> [What is being asked] What you should repeat is the run of lines from the top of the listing below through the line with "Ruffled Stand Collar", exactly, with no pictures.

════════════════════

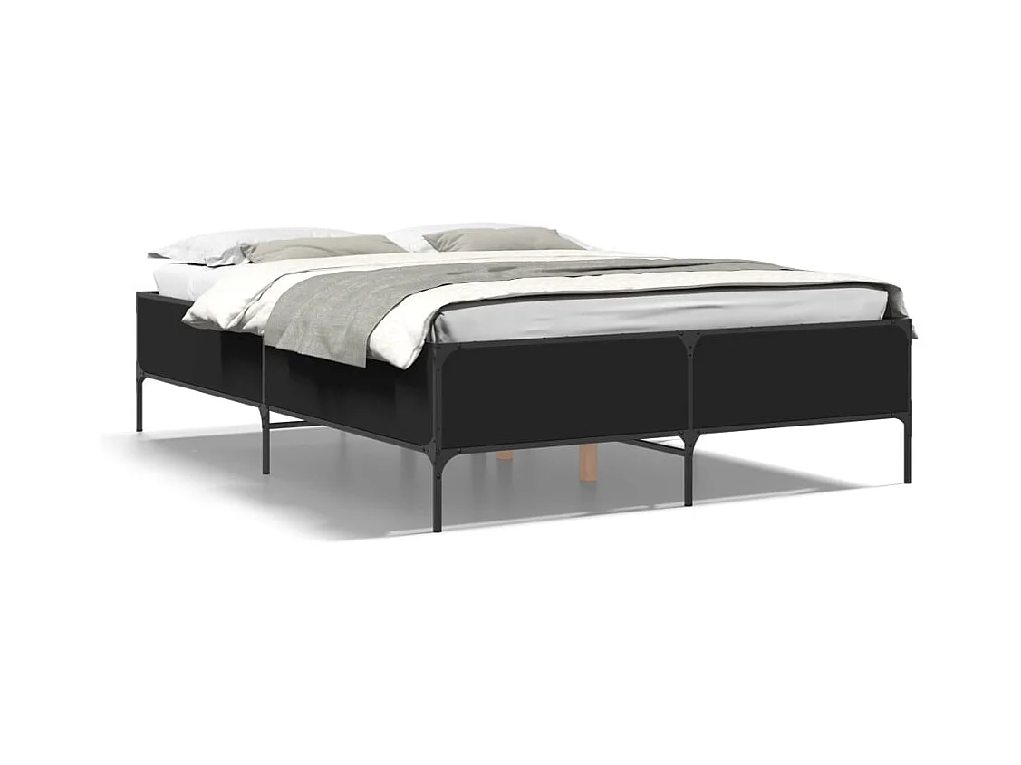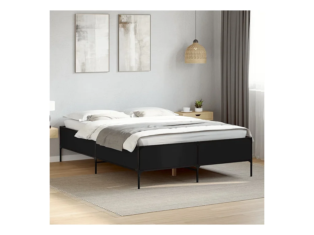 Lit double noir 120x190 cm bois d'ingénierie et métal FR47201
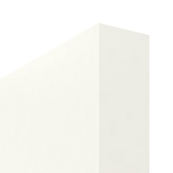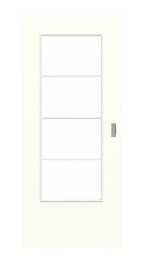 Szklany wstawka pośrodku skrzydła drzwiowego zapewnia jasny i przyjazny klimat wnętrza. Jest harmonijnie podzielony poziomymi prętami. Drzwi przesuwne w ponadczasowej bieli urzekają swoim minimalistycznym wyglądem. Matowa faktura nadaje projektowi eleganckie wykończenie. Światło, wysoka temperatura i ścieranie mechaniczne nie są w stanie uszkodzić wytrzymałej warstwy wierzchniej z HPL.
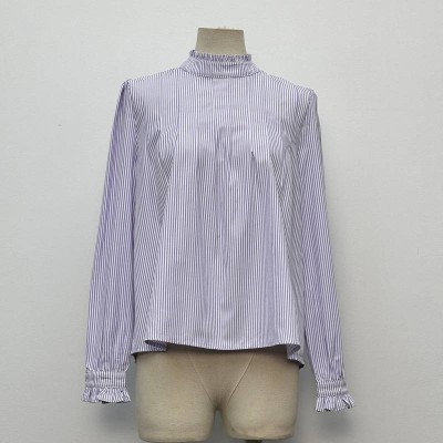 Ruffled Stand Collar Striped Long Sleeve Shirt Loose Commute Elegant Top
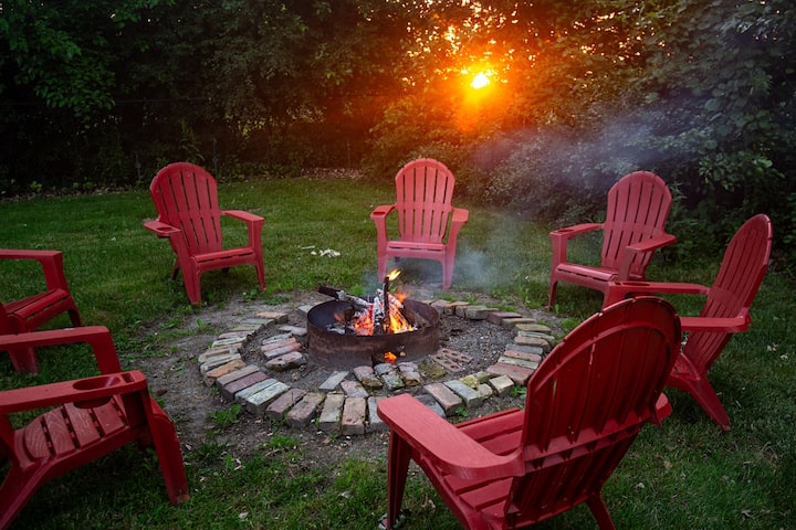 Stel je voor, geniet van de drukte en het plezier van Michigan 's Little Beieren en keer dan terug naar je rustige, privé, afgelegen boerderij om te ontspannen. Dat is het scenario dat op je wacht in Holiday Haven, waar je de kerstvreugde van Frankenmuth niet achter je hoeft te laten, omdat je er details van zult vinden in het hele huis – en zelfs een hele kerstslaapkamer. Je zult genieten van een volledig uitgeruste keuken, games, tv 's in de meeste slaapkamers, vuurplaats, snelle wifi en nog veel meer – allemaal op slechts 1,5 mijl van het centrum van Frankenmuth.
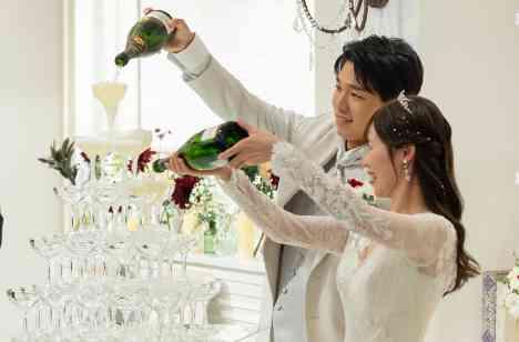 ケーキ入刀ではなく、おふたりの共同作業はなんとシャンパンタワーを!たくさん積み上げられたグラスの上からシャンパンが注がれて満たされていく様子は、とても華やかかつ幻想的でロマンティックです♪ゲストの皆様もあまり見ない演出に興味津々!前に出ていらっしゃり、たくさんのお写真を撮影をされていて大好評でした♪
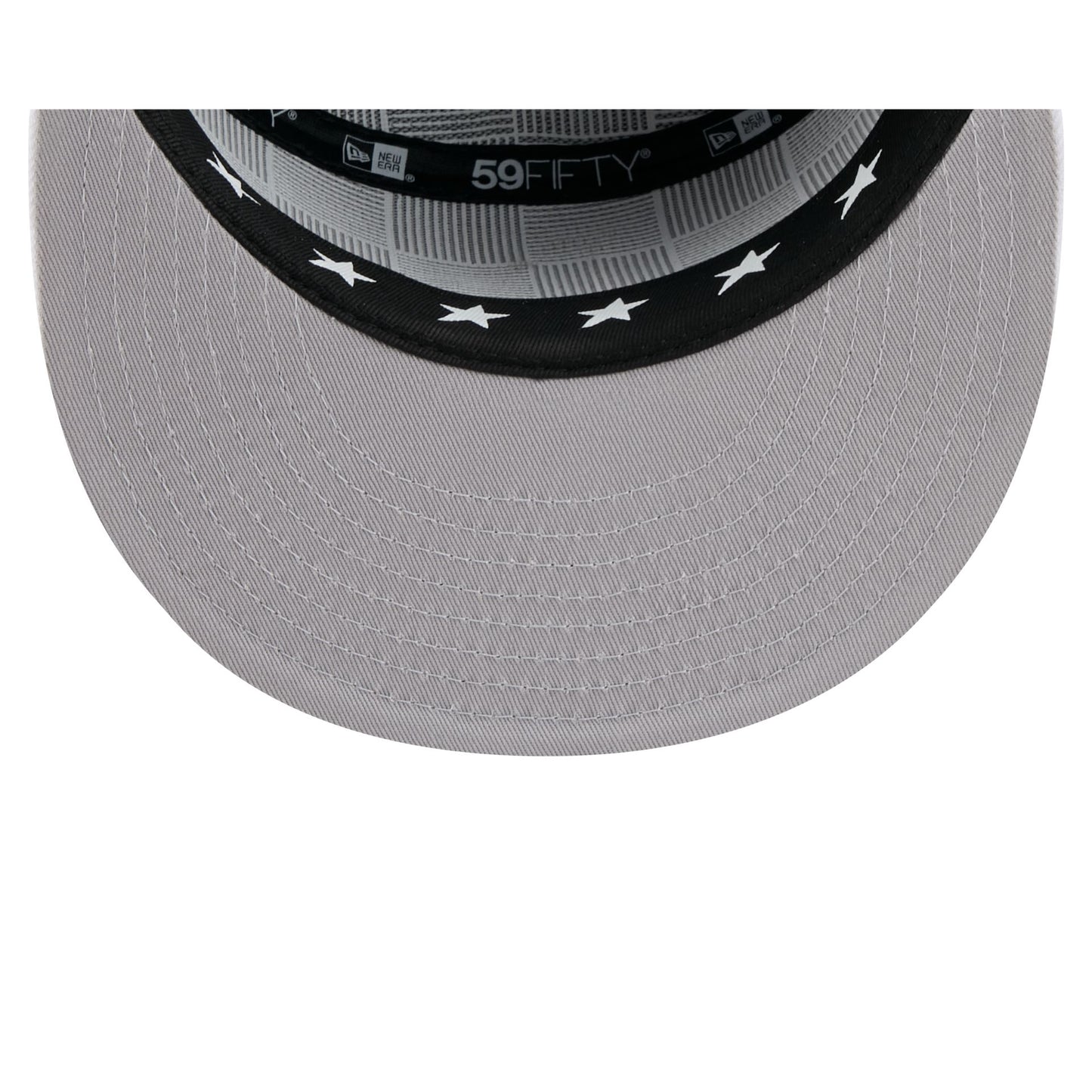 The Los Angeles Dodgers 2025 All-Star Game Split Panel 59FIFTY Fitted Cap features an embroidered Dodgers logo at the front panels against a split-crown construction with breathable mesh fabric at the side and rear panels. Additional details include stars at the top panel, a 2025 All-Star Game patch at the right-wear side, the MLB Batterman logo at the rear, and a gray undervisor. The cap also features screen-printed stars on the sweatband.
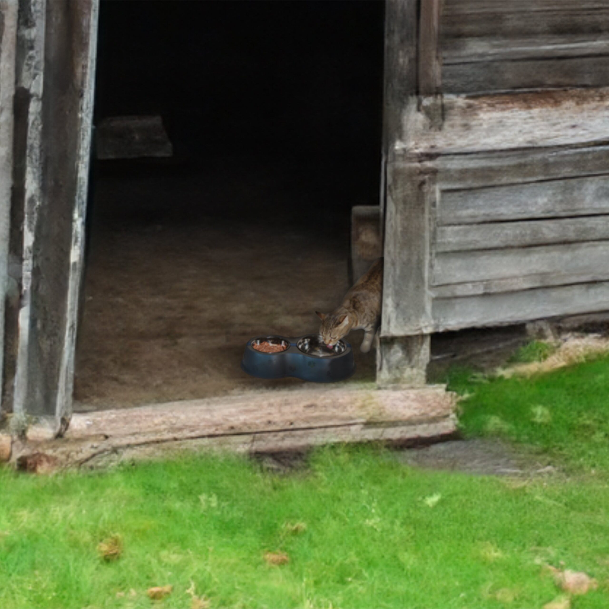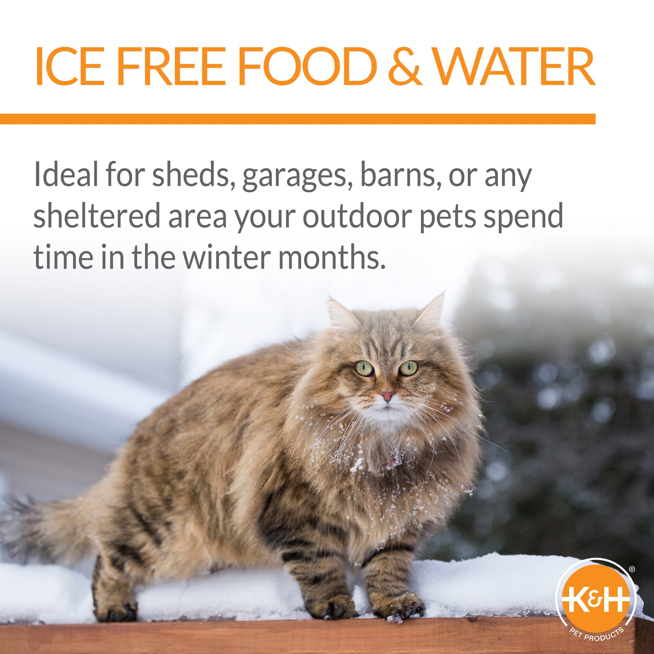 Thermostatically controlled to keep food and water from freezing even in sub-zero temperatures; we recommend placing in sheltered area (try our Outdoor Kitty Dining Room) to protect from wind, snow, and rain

════════════════════

> [Response area]
 Lit double noir 120x190 cm bois d'ingénierie et métal FR47201
 Szklany wstawka pośrodku skrzydła drzwiowego zapewnia jasny i przyjazny klimat wnętrza. Jest harmonijnie podzielony poziomymi prętami. Drzwi przesuwne w ponadczasowej bieli urzekają swoim minimalistycznym wyglądem. Matowa faktura nadaje projektowi eleganckie wykończenie. Światło, wysoka temperatura i ścieranie mechaniczne nie są w stanie uszkodzić wytrzymałej warstwy wierzchniej z HPL.
 Ruffled Stand Collar Striped Long Sleeve Shirt Loose Commute Elegant Top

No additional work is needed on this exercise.